Jika dalam film-film Disney Princess lainnya berisikan tentang mencari kebenaran, maka berbeda dengan Moana. Dalam film ini Moana diberikan sebuah misi dan segala aksi petualangan yang seru, hal ini seperti memperlihatkan bagaimana Moana adalah perumpamaan dari suara perempuan masa kini. Bagaimana perempuan bisa diberi tanggung jawab dan menyelesaikan pekerjaannya, bukan sekedar membantu pekerjaan orang lain. Inilah yang menjadi kekuatan Moana secara naratif, bagaimana dia digambarkan sangat kuat dan bisa berperilaku setara dengan Maui sebagai laki-laki. 


Ron Clements dan Don Hall tetap tak melupakan bagaimana film ini tetap memiliki sisi sentimentil yang pas dengan sosok Moana sebagai perempuan.

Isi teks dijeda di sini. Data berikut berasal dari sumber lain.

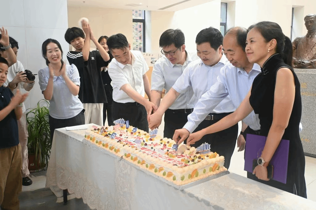 典礼结束,公司领导老师们和毕业生及家长们在公司中庭分享毕业蛋糕,氛围热烈。
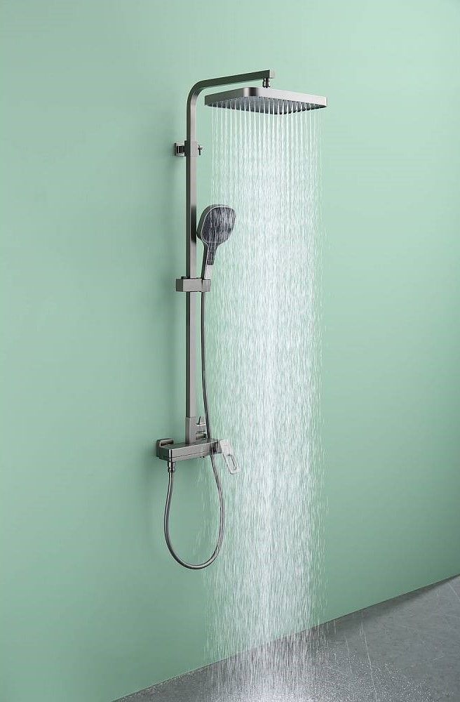 Душевая система Raglo R51.24.09Материал: латунь.Управление: однорычажное.Механизм: керамический картридж.Излив: поворотный. Аэратор.Регулируемая по высоте душевая штанга: 1087-1655 мм.Форма верхнего душа: прямоугольная.Размер верхнего душа (ШхД): 330х220 мм.Регулируемый по высоте и наклону держатель ручного душа.Количество режимов струи ручного душа: 4.Отверстия для монтажа: 3.Стандарт подводки: G 1/2.Монтаж: на стену.
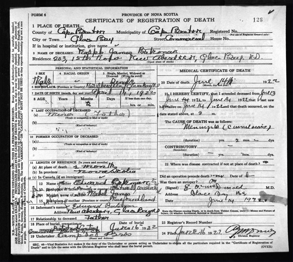 Death Registration: Year: 1922 file: 76 number: 126
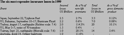 Almost half of the insurance industry's claims originated from six billion-dollar loss events. Typhoon Bart caused insured losses in Japan of approximately $2.5 billion, and, in the Bahamas and on the southeast coast of the US, Hurricane Floyd was responsible for around $2.2 billion in damage.

Sehingga, penuturan yang ada di dalam film ini terkesan sangat lembut dan tak terlalu padat seperti Zootopia. Ron Clements dan Don Hall berusaha untuk memberikan ruang kepada penontonnya untuk beristirahat, menikmati indahnya visual yang dimiliki oleh Moana. Selipan-selipan unsur komedi lewat berbagai karakter yang bisa mencuri penontonnya seperti HeiHei, si ayam dengan tingkah aneh, dan Pua, si babi yang menggemaskan.

Di dalam film Moana juga memiliki beberapa sekuens musikal yang diselipkan di dalam film Moana, sehingga penonton sesekali diberi relaksasi. Sekuens musikalnya pun tak terasa dipaksakan, penuh akan nuansa eksotis seperti Moana dan suku-sukunya sebagai orang yang hidup di pulau-pulau penuh lanskap pantai. Bukan hanya lagu-lagunya, tetapi juga musik-musik pendukung yang ada di dalam film ini. Ada unsur budaya yang berusaha dimasukkan ke dalam film Moana dan dapat divisualisasikan secara indah. Menjadikan film ini memiliki cita rasa klasik yang khas milik film-film Disney di era yang berbeda. 


Moana adalah sebuah film animasi dengan misi yang luar biasa banyak, mulai dari sebagai representasi akan gender dan ras, nilai-nilai sosial, dan tribut untuk menumbuhkan kembali cita rasa klasik seperti film-film Disney terdahulu. Dengan banyaknya poin itu, Moana berhasil memberikan tontonan yang mampu mencapai tujuan-tujuan tersebut. Moana memiliki presentasi yang gemilang mulai dari penuh dengan visual-visual indah, juga petualangan seru dan menyenangkan. Ron Clements dan Don Hall berusaha menyampaikan Moana dengan berbeda dan berani. Moana adalah cara menikmati cita rasa klasik lewat visual yang moderen.